TASK BRIEF
Find the line containing "Kadın Siyah Uzun". Retype it and every later line of the records exactly, leaving out pictures.

GIVEN ENTRIES
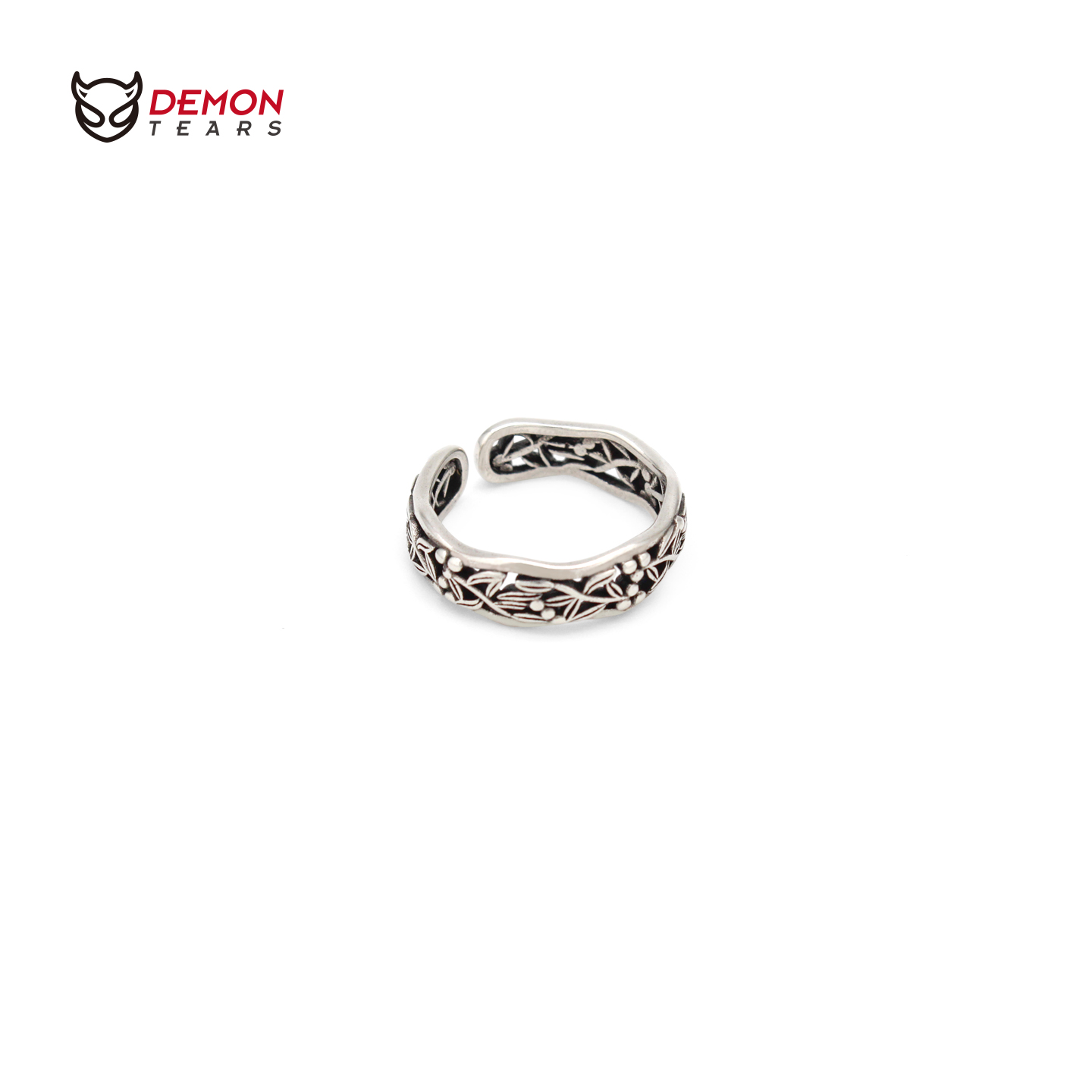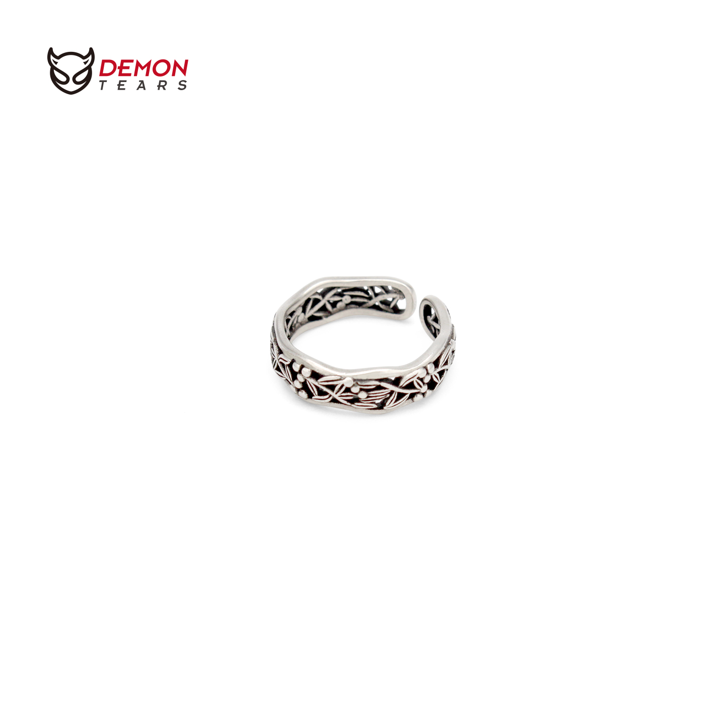 DEMONTEARS藤蔓花枝镀银复古小众设计戒指男女个性开口可调节指环
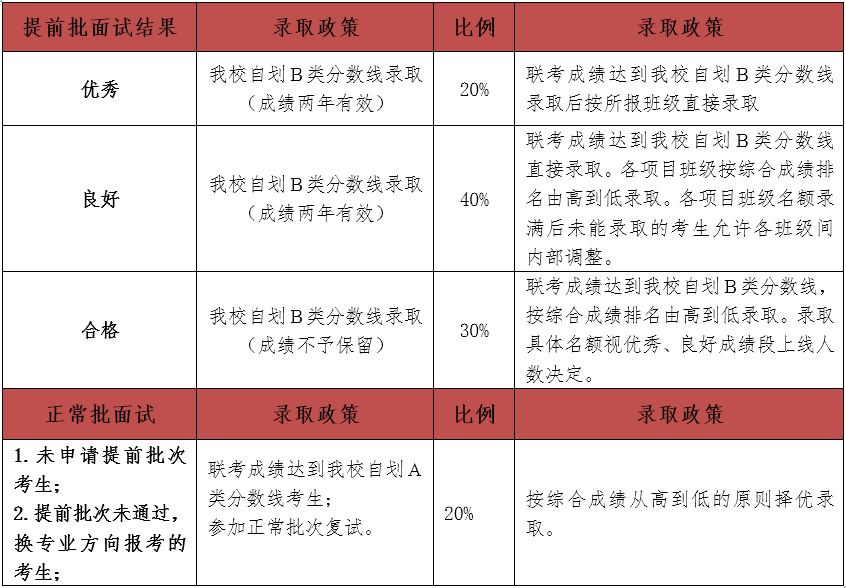 2.提前面试中获得有条件预录取(优秀、良好、合格)资格的考生联考成绩过我校自划B类分数线且在档案和申请材料审查真实性通过后,按成绩对应录取政策录取;
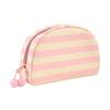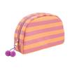Gestreifte Muschel Kosmetiktasche Canvas Reise Make-up Organizer Tragbare Niedliche Make-up Tasche mit Pompoms für Frauen Mädchen Toilettenartikel
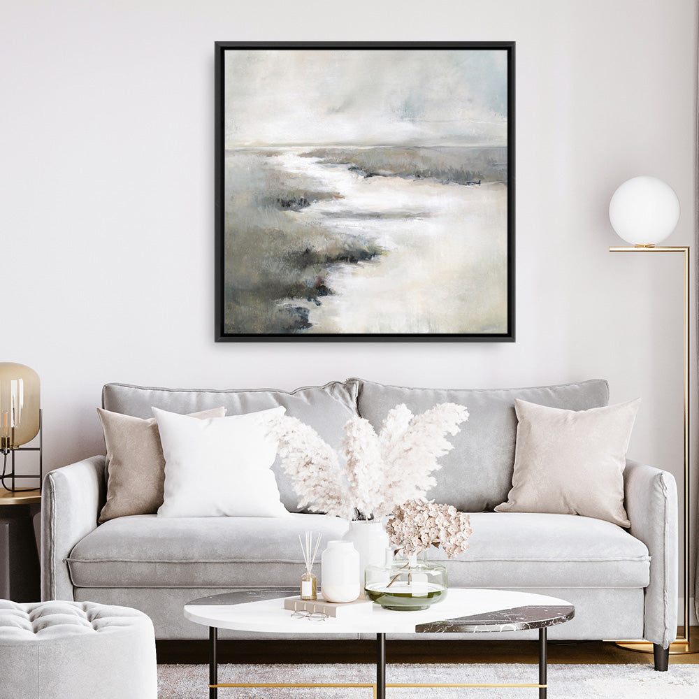 Shop Silent Poetry (Square) Canvas Print by Karen Hale and update your wall decor at home easily with this gloomy coastal view square artwork from our hand painted canvas print collection.
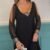 Kadın Siyah Uzun Kollu Kollar Tül Yırtmaçlı V Yakalı Kısa Krep Elbise
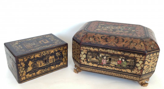 19th Century Chinese Export Black Lacquered and Gilt Tea Caddies
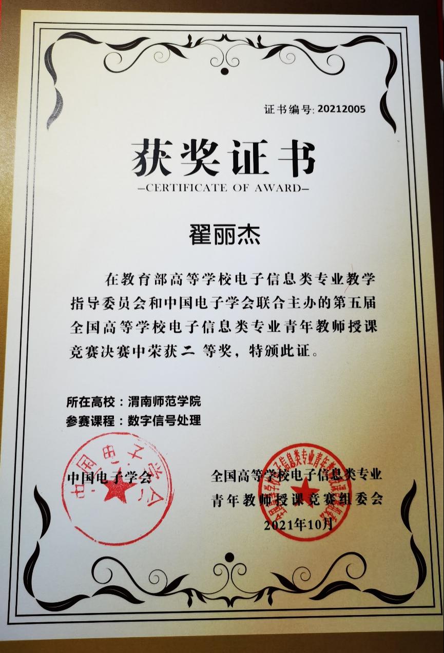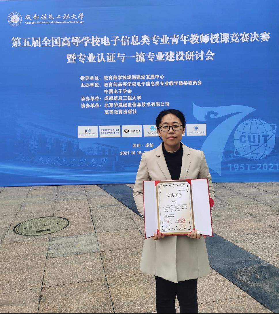 近日,第五届全国高等学校电子信息类专业青年教师授课竞赛决赛在成都信息工程大学举行。best365物理与电气工程学院教师翟丽杰荣获二等奖,实现了best365国家级教学竞赛零获奖的突破。
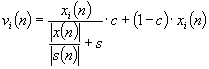 where vi(n) is corrected i-th signal segment, xi(n) - original i-th signal segment, s(n) - average speech pattern spectrum, x(n) - average signal spectrum. This algorithm is similar to the blind deconvolution method, but additional parameters may be set by the user. Correction factor (0%-100%) is the degree to which the signal is modified by the algorithm. Smoothing factor (0.001-1) is related to the modification of the correction function maxima (e.g. sharp peaks). The algorithm may be described using the equation:
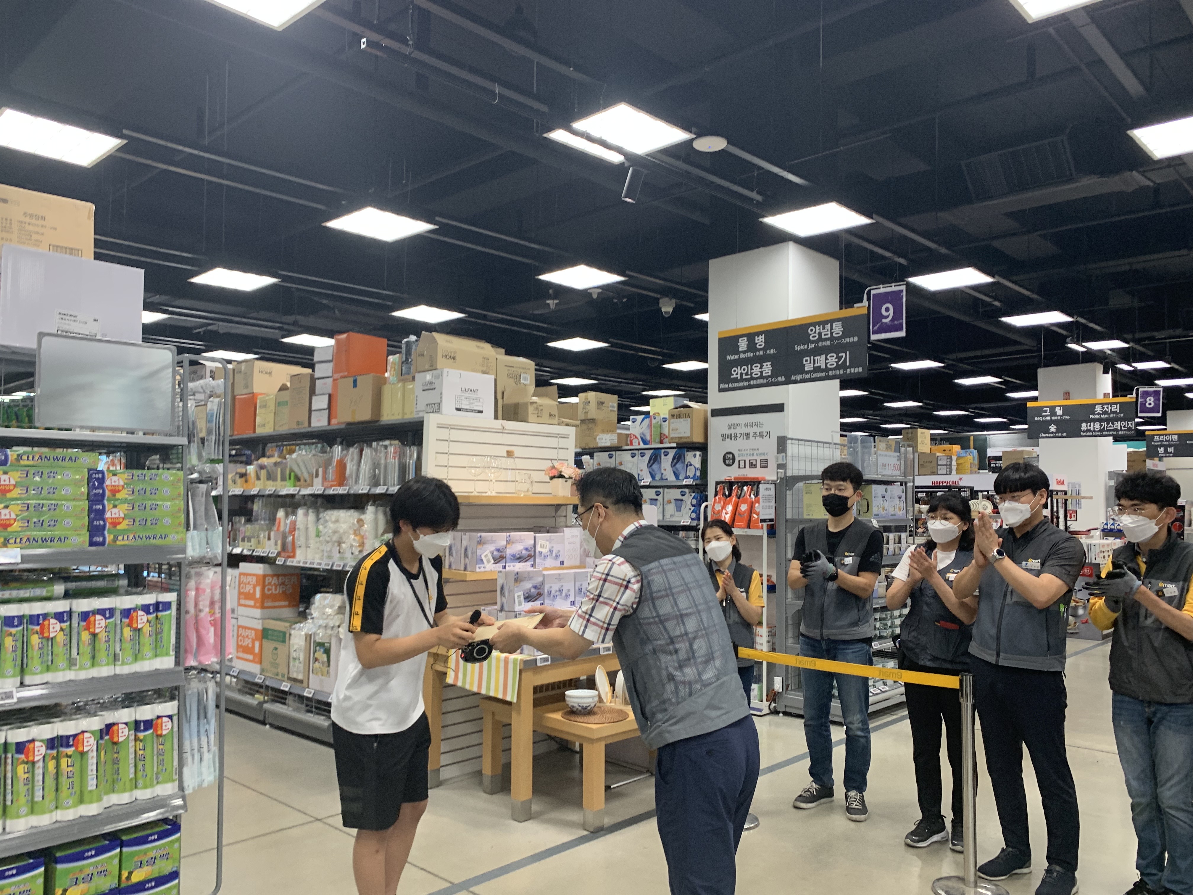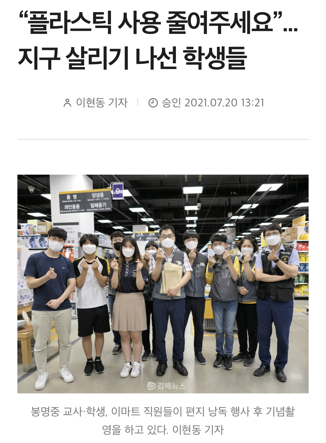 대형마트에는 일회용품과 과대포장의 사용을 줄여달라는 편지를 직접 손편지로 쓰게 되었습니다. 2021년 추석 전 우리는 4인으로 구성된 모둠을 이루어 김해시의 쓰레기 문제에 대해 공부하였고 왜 일회용품을 줄여야 하는 지, 과대포장이 어떤 문제를 발생 시키는지, 김해 뿐만 아니라 전국에 쓰레기 대란 문제가 다가올 수 있다는 것에 대해 대형마트에 알리고 호소하는 편지를 보내 직접 전달하고 게시하여 일반인들도 알 수 있도록 함께 노력하였습니다.
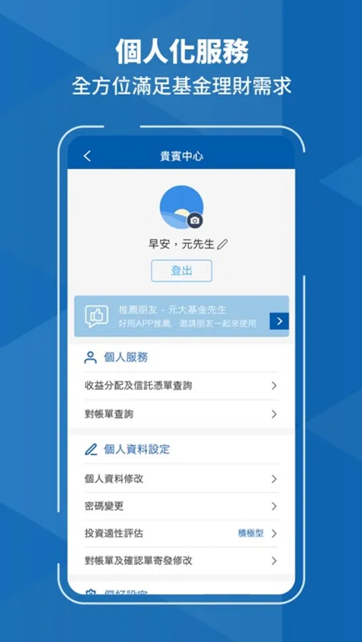 元大基金先生APP打造個人化服務,舉凡基本資料修改、基金對帳單寄發、交易成功回報及淨值到價通知等投資人在意的即時資訊推播,隨時關注基金動向;且上架市場趨勢研究報告及影音服務,提供熱門投資議題及精選投資標的,全方位滿足您在基金理財的各種需求。

ANSWER TO THIS TASK
 Kadın Siyah Uzun Kollu Kollar Tül Yırtmaçlı V Yakalı Kısa Krep Elbise
 19th Century Chinese Export Black Lacquered and Gilt Tea Caddies
 近日,第五届全国高等学校电子信息类专业青年教师授课竞赛决赛在成都信息工程大学举行。best365物理与电气工程学院教师翟丽杰荣获二等奖,实现了best365国家级教学竞赛零获奖的突破。
 where vi(n) is corrected i-th signal segment, xi(n) - original i-th signal segment, s(n) - average speech pattern spectrum, x(n) - average signal spectrum. This algorithm is similar to the blind deconvolution method, but additional parameters may be set by the user. Correction factor (0%-100%) is the degree to which the signal is modified by the algorithm. Smoothing factor (0.001-1) is related to the modification of the correction function maxima (e.g. sharp peaks). The algorithm may be described using the equation:
 대형마트에는 일회용품과 과대포장의 사용을 줄여달라는 편지를 직접 손편지로 쓰게 되었습니다. 2021년 추석 전 우리는 4인으로 구성된 모둠을 이루어 김해시의 쓰레기 문제에 대해 공부하였고 왜 일회용품을 줄여야 하는 지, 과대포장이 어떤 문제를 발생 시키는지, 김해 뿐만 아니라 전국에 쓰레기 대란 문제가 다가올 수 있다는 것에 대해 대형마트에 알리고 호소하는 편지를 보내 직접 전달하고 게시하여 일반인들도 알 수 있도록 함께 노력하였습니다.
 元大基金先生APP打造個人化服務,舉凡基本資料修改、基金對帳單寄發、交易成功回報及淨值到價通知等投資人在意的即時資訊推播,隨時關注基金動向;且上架市場趨勢研究報告及影音服務,提供熱門投資議題及精選投資標的,全方位滿足您在基金理財的各種需求。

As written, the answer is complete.